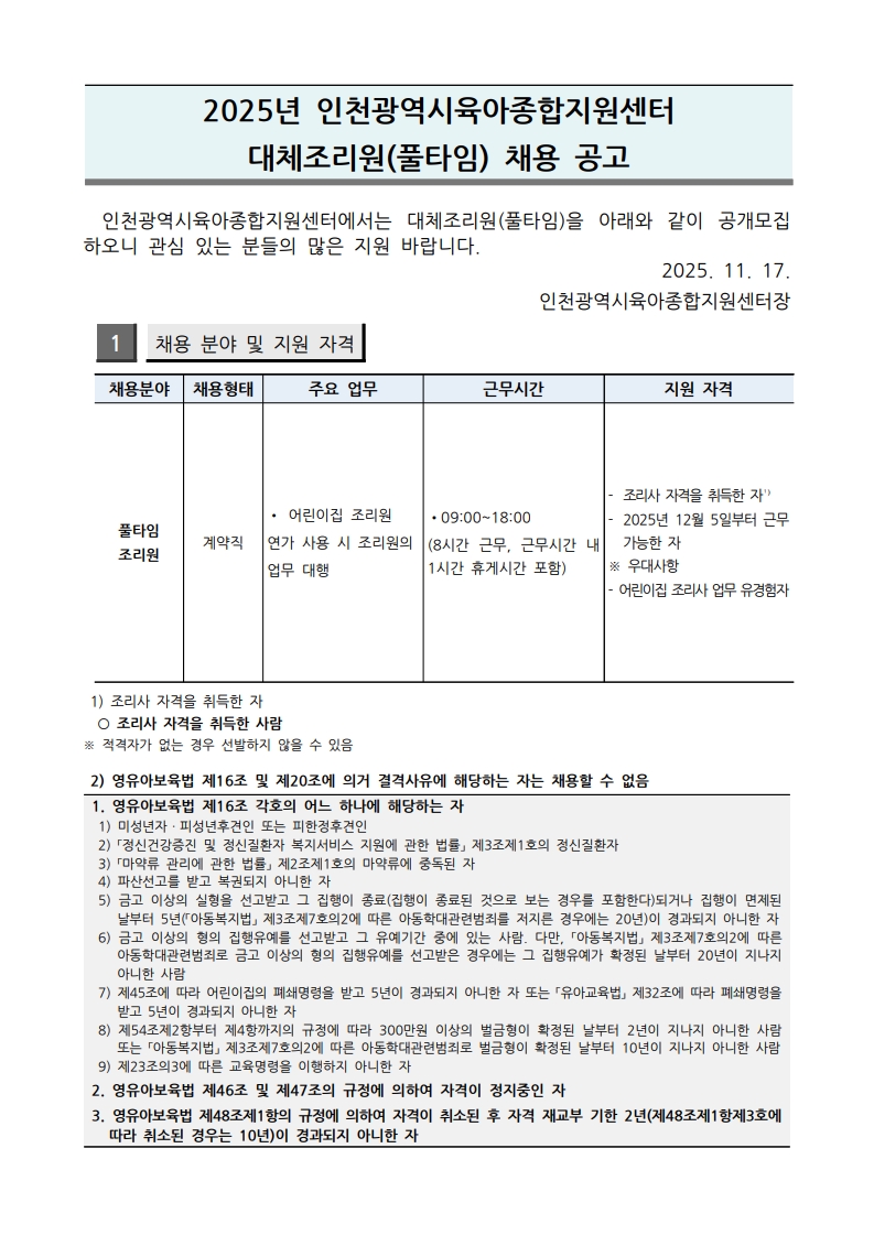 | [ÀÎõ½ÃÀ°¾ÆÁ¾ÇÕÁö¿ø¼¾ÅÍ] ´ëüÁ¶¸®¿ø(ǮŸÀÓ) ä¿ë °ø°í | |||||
* * *
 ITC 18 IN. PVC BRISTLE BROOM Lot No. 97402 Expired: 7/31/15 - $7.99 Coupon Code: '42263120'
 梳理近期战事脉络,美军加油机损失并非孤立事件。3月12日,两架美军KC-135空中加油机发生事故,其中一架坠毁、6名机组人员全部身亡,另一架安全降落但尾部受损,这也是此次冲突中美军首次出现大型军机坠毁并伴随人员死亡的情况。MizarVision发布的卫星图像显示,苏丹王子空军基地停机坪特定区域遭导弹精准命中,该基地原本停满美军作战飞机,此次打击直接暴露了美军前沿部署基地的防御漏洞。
* * *
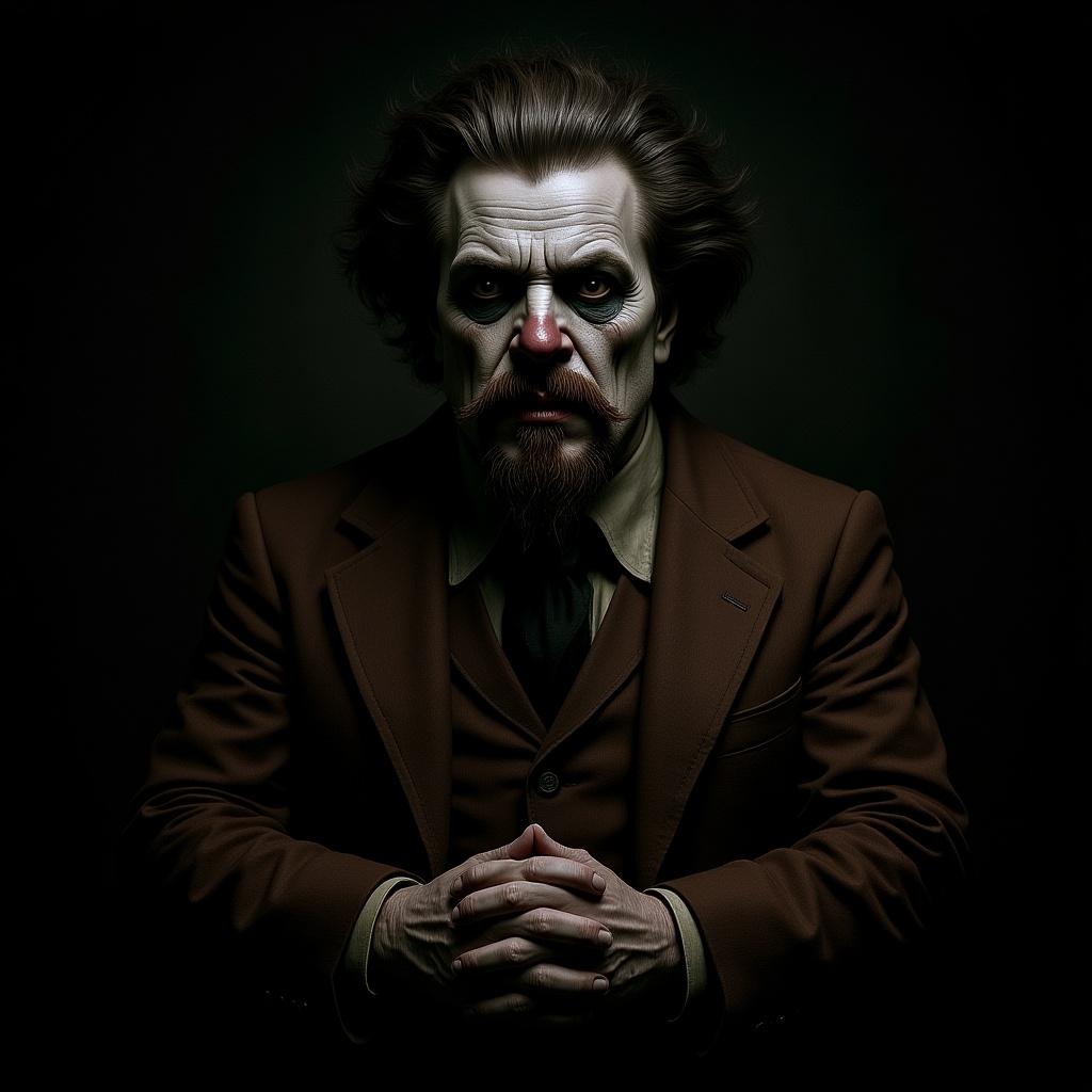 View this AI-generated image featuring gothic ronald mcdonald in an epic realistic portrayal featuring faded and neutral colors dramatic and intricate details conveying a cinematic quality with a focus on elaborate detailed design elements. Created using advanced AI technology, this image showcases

Task instructions: Looking at the records above, return exactly the lines from the line with "ITC 18 IN. PVC" to the line with "梳理近期战事脉络,美军加油机", both ends included.

Exercise answer:
 ITC 18 IN. PVC BRISTLE BROOM Lot No. 97402 Expired: 7/31/15 - $7.99 Coupon Code: '42263120'
 梳理近期战事脉络,美军加油机损失并非孤立事件。3月12日,两架美军KC-135空中加油机发生事故,其中一架坠毁、6名机组人员全部身亡,另一架安全降落但尾部受损,这也是此次冲突中美军首次出现大型军机坠毁并伴随人员死亡的情况。MizarVision发布的卫星图像显示,苏丹王子空军基地停机坪特定区域遭导弹精准命中,该基地原本停满美军作战飞机,此次打击直接暴露了美军前沿部署基地的防御漏洞。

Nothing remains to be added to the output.